Before Elizabeth’s 87th birthday (which she would never get to celebrate), she received a letter from her dearest Susan. The letter read, “If is fifty-one years since we first met and we have been busy through every one of them, stirring up the world to recognize the right of women. . . . We little dreamed when we began this contest . . .that half a century later we would be compelled to leave the finish of the battle to another generation of women. But our hearts are filled with joy to know that they enter upon this task equipped with a college education, with business experience, with the freely admitted right to speak in public—all of which were denied to women fifty years ago. . . . These strong, courageous, capable, young women will take our place and complete our work. There is an army of them where we were but a handful.”

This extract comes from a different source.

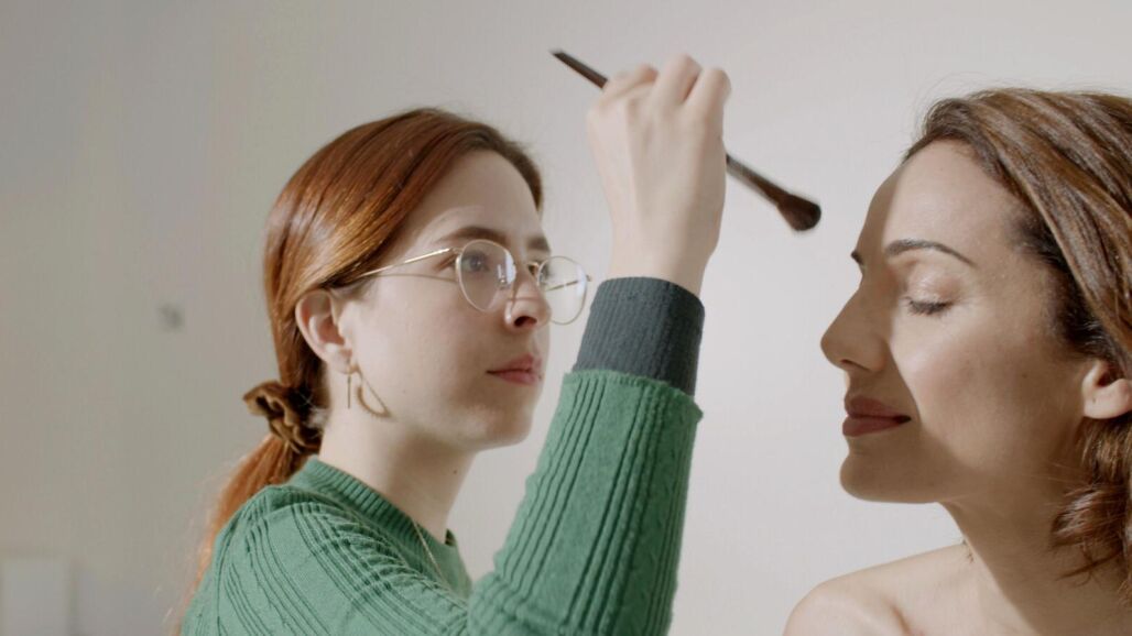 Por ejemplo, si la luz del plató para grabar un telediario es blanca, intensa y frontal, “tendremos que subir el tono de la piel utilizando una base de un tono más cálida e intensificando el rubor, así como remarcar pómulos y ojos”, apunta la maquilladora.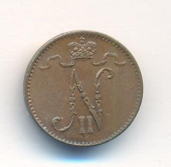 Лицевая сторона — вензель Александра II, оборотная — номинал (1 PENNIA) и дата. Нормативный вес — 1,28 грамма, гурт гладкий.

In an age where social media influencers, fashion and beauty bloggers, and reality stars fight for the attention and devotion of our young girls, it is important to remind them that it wasn’t that long ago when women were considered “members of the state” and not recognized as citizens of the United States. Women were denied rights, choices, and privileges that were eventually given to freed male slaves. Susan and Elizabeth were trailblazers and pioneers who made it possible for women to have a seat at the table…to have a voice in the discussion. They weren’t just reformers, activists, and suffragists, they were crusaders, soldiers, and warriors. Before our young girls and women put on a soccer jersey, sit down to choose their college, or review a ballot before an upcoming election, they need to remember that these choices are possible because of an introduction between two women who were outside enjoying a pretty spring day in New York.